Pedido de vista da ministra Cármen Lúcia Antunes Rocha suspendeu, nesta quarta-feira (31), o julgamento, pelo Plenário do Supremo Tribunal Federal (STF), do Recurso Extraordinário (RE) 594296, em que o governo do Estado de Minas Gerais se insurge contra decisão da 5ª Câmara Cível do Tribunal de Justiça de Minas Gerais. O TJ-MG, confirmando sentença de primeiro grau, julgou ilegal a anulação de parcela integrante da remuneração de uma servidora, sem que lhe fosse dado o direito ao contraditório e à ampla defesa, assegurado pelo artigo 5º, inciso LV, da Constituição Federal (CF).
O pedido de vista foi formulado quando o relator do processo, ministro José Antonio Dias Toffoli, havia negado provimento ao recurso, sendo acompanhado, neste voto, pelo ministro Luiz Fux.
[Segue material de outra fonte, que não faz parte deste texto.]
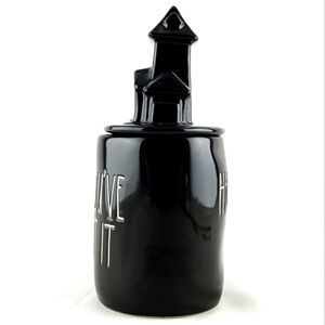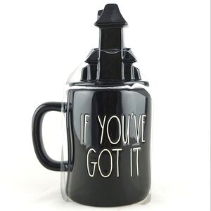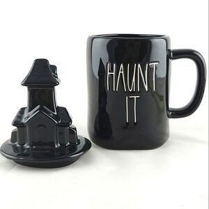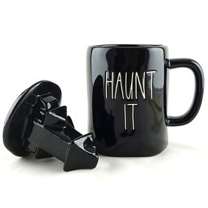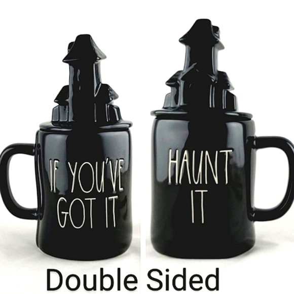 NEW Rae Dunn Artisan Collection by Magenta mug in glossy black with fun white large letters HAUNT IT etched on one side & IF YOU'VE GOT IT on the other and matching topper in the form of a haunted house to keep your brew hot!
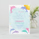 El Invite presenta hermosos delfines coloridos. Acuarela, estrellas, sol brillante y delfines. Perfecto para una temática playera, fiesta de la piscina, animales del océano, animales del mar, etc.

Em 14 de agosto de 2008, a Suprema Corte reconheceu a existência de repercussão geral* da questão constitucional suscitada neste processo.
Negativa
Em seu voto, o ministro Dias Toffoli afirmou que não assiste razão ao governo mineiro, que tomou sua decisão ainda com base na Súmula 473/1969 do STF, editada ainda sob a égide da Constituição Federal (CF) de 1967. Esta súmula admitia a possibilidade de a Administração “anular seus próprios atos, quando eivados de vícios que os tornam ilegais, porque deles não se originam direitos, ou revogá-los por motivo de conveniência ou oportunidade, respeitados os direitos adquiridos e ressalvada, em todos os casos, a apreciação judicial”.
Entretanto, segundo ele, este entendimento não foi recepcionado pela CF de 1988, cujo artigo 5º, LV, garante o direito ao contraditório e à ampla defesa, mesmo em qualquer ato administrativo que afete o os interesses da pessoa envolvida. Essa nova concepção é também confirmada pela doutrina, segundo o ministro, que citou os juristas Hely Lopes Meirelles e Celso Antônio Bandeira de Mello.
O caso
A servidora ingressou no serviço público em 1994, quando pediu e teve averbado tempo de serviço cumprido anteriormente na iniciativa privada. Na oportunidade, foram-lhe deferidos quatro quinquênios. Entretanto, cerca de três anos depois, ela recebeu comunicado dando conta de que teria percebido indevidamente valores referentes a quinquênios irregularmente concedidos e que o benefício seria retirado de seu prontuário e, o montante pago a maior, debitado de seus vencimentos mensais.
Inconformada, a servidora ingressou em juízo e obteve a reversão do ato, decisão esta confirmada pelo TJ-MG. Contra tal decisão, o governo mineiro recorreu ao STF.
Em seu voto, o ministro Dias Toffoli considerou que o artigo 5º, inciso LV da CF é claro ao garantir o direito ao contraditório e à ampla defesa e que o inciso LIV do mesmo artigo estabelece que ninguém será privado de seus bens sem o devido processo legal. Lembrou, neste contexto, que está em jogo não só o valor do salário da servidora, como também o cálculo de sua futura aposentadoria, além da devolução de valores supostamente pagos a maior, indevidamente.
Ele lembrou, nesse contexto, que não está em julgamento o mérito do desconto salarial pretendido pelo governo mineiro, mas sim o direito ao contraditório e à ampla defesa da servidora. Segundo ele, o julgamento em curso no STF não exclui a possibilidade de o governo de Minas Gerais renovar um processo de revisão dos vencimentos da servidora, porém dentro dos pressupostos legais.